# Coolant disappears -- but no visible leak?!?



## pibboater (Nov 20, 2012)

About two weeks ago I noticed my 2000 Maxima was not putting out much heat from the vents. I googled it, and found the first thing to check is the coolant level. The coolant level was almost empty, just barely visible in the reservoir, so I topped it up to the MAX line (while cold), and then the heater was back to blowing hot. About two days later I opened the hood to check the coolant level, and was surprised to see that the reservoir had nearly emptied again. I decided to try refilling the coolant one more time before having it looked at, so I filled it to MAX again and then started it and let it run with the heater blowing for about 30 minutes. I couldn't see any leaking anywhere, at least anywhere that was easily visible from above and below, and the floor boards weren't wet.

I took it into the local mechanic today and he pressure tested and could not find any leaks, then he refilled it and checked again and couldn't find any leaks, or any sign of previous leaks. I'll be picking the car up and keeping an eye on it, but I expect that in the next day or two the coolant will be gone again.

Does anyone have any ideas of what I or the mechanic should look into next? Thanks!


----------



## rogoman (Dec 16, 2004)

You may have a blown head gasket. Do a compression test on all cylinders. While performing the compression test, remove the coolant fill cap and make sure the coolant is filled to the neck of the fill tube; this way you may see small bubbles which would be an indicator of a possible blown head gasket.


----------



## pibboater (Nov 20, 2012)

Thanks for the quick reply rogoman! I will mention the compression test to the mechanic when I pick it up tomorrow morning. If it is a blown head gasket.. that sounds expensive. Any idea of a ballpark cost to have a shop repair that?

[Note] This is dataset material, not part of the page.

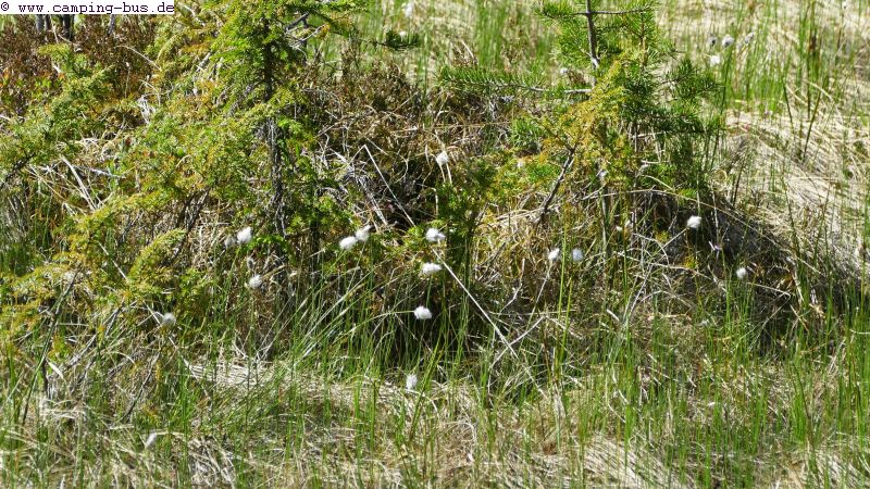 Zum ersten Mal auf dieser Reise sehen wir eine Sumpflandschaft mit blühendem Wollgras.

Also, forgot to mention a couple other things -- the mechanic said he did not see any exhaust smoke, and did not see any coolant in the oil.


----------



## chuckster57 (Oct 2, 2012)

There is also a test for combustion gases in the coolant. Kit from Auto Zone is like $15.00. Instructions included, and if the head gasket is bad, repair costs will depend on where you go (dealer or independent shop), labor rates, and possible machine work.


----------



## pibboater (Nov 20, 2012)

Thank you for the suggestion chuckster57! I'll pick up that combustion test as soon as I can.


----------



## Outkast (Jan 29, 2006)

IACV gasket, coolant leaks past the bad seal onto the electric motor causing the computer to short out. Do a leakdown test on the cylinders and if they are good pull the throttle body off and replace the IACV gasket even if it hasn't blown. There isn't a 99-01 maxima that comes in with high mileage that I don't try to sell that gasket to as a precaution.


----------



## smj999smj (Jan 1, 2006)

For price estimates, try this site:

RepairPrice Estimator - Get an Estimate for a Service or Repair on Your Car


----------



## faisalmakki (Nov 26, 2012)

Replace the radiator cap. 

I did experience a similar problem. No leaks with coolent disappearing. 

Also check the water pump when you start the car. check when your car has been driven for a while. Check you car a couple of time during the drive. 

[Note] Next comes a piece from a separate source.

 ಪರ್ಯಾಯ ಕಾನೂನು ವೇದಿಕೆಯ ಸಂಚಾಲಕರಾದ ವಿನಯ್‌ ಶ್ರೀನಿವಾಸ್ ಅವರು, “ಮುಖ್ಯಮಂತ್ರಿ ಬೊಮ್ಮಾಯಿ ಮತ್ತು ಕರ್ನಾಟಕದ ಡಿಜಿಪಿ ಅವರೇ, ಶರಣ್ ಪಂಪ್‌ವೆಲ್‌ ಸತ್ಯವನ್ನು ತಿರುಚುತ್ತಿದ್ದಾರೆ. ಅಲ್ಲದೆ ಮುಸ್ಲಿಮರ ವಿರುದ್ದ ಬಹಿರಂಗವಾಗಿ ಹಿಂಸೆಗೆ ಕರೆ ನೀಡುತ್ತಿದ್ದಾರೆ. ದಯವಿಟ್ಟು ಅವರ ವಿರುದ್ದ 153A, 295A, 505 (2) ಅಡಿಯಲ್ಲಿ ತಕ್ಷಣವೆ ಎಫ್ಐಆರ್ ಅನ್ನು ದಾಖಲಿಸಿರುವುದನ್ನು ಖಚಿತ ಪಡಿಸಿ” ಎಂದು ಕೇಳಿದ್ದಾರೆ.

The pressure test will not work with radiator cap.


----------



## pibboater (Nov 20, 2012)

@faisalmakki, thank you for the suggestion. A new cap is an inexpensive enough thing to try, so I'll pick one up on my way home. How do you go about checking the water pump -- is it visible under the hood, and you just look for dripping, or something else?

@Outkast, thank you for the suggestion -- I'll mention the IACV gasket when I take it back in.

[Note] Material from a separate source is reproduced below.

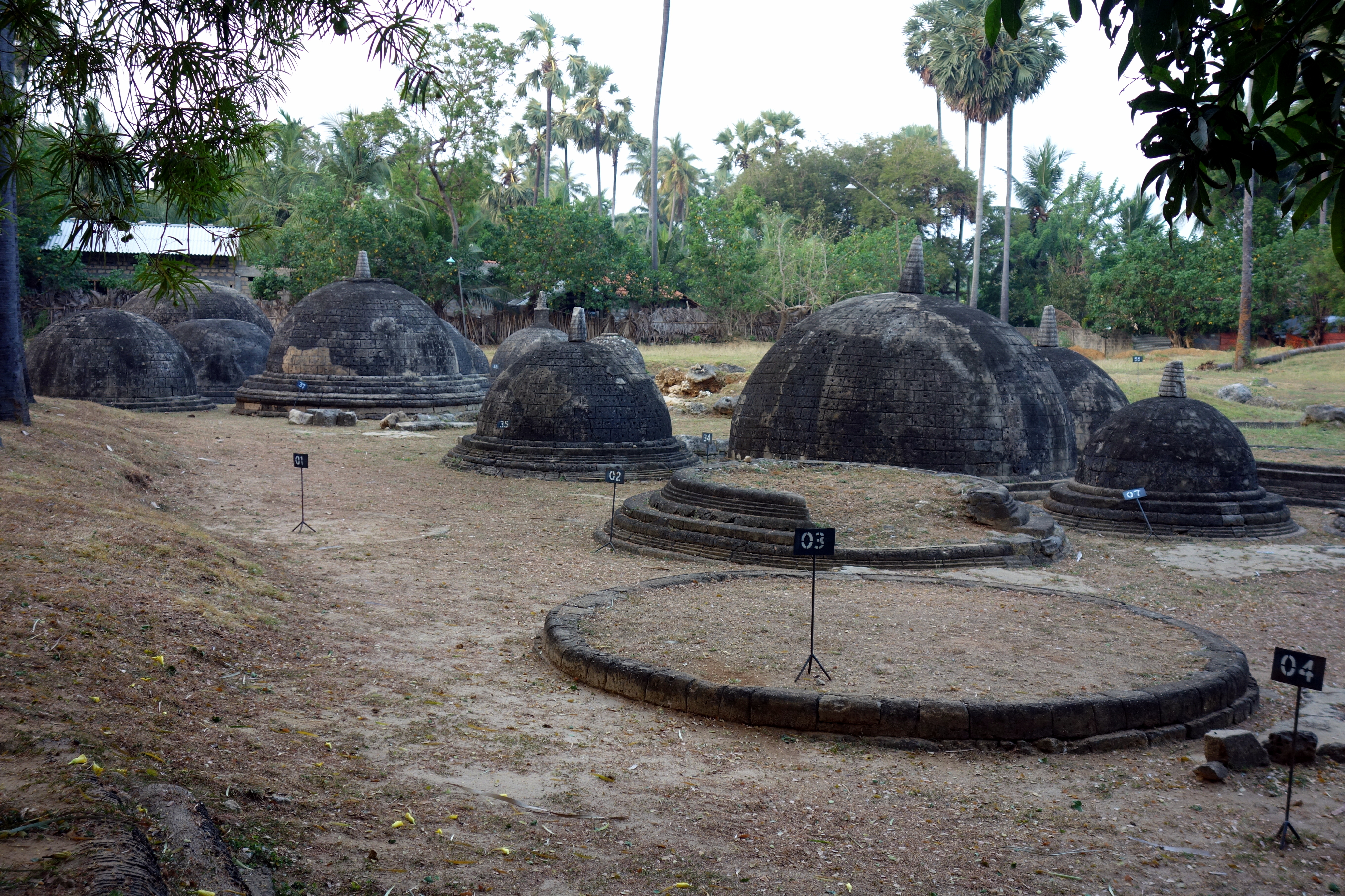 On renfile nos jeans pour poursuivre notre route. Prochain stop, le site archéologique de Kantharodai. On galère un peu a trouver alors on demande dans le village, un groupe de jeunes nous tracent l’itinéraire à l’aide d’un bâton dans le sable, c’est bon, on a tout compris !! Arrivés la bas, on ne comprend pas trop ce qu’on voit : des ruines en forme de petit dôme au sol…  Mais bon, c’est joli haha

@smj999smj, that's a neat site, and great for answering my question about a ballpark figure for the repair! Man a head gasket replacement would be expensive.. But since it doesn't run rough, the oil was clean, and there's no smoke, I'm really hoping that's not it. I still need to do the combustion in the coolant test too.


----------



## Outkast (Jan 29, 2006)

The water pump weep hole is hidden but if you see coolant residue in the A/C compressor then you have a leaking waterpump.


----------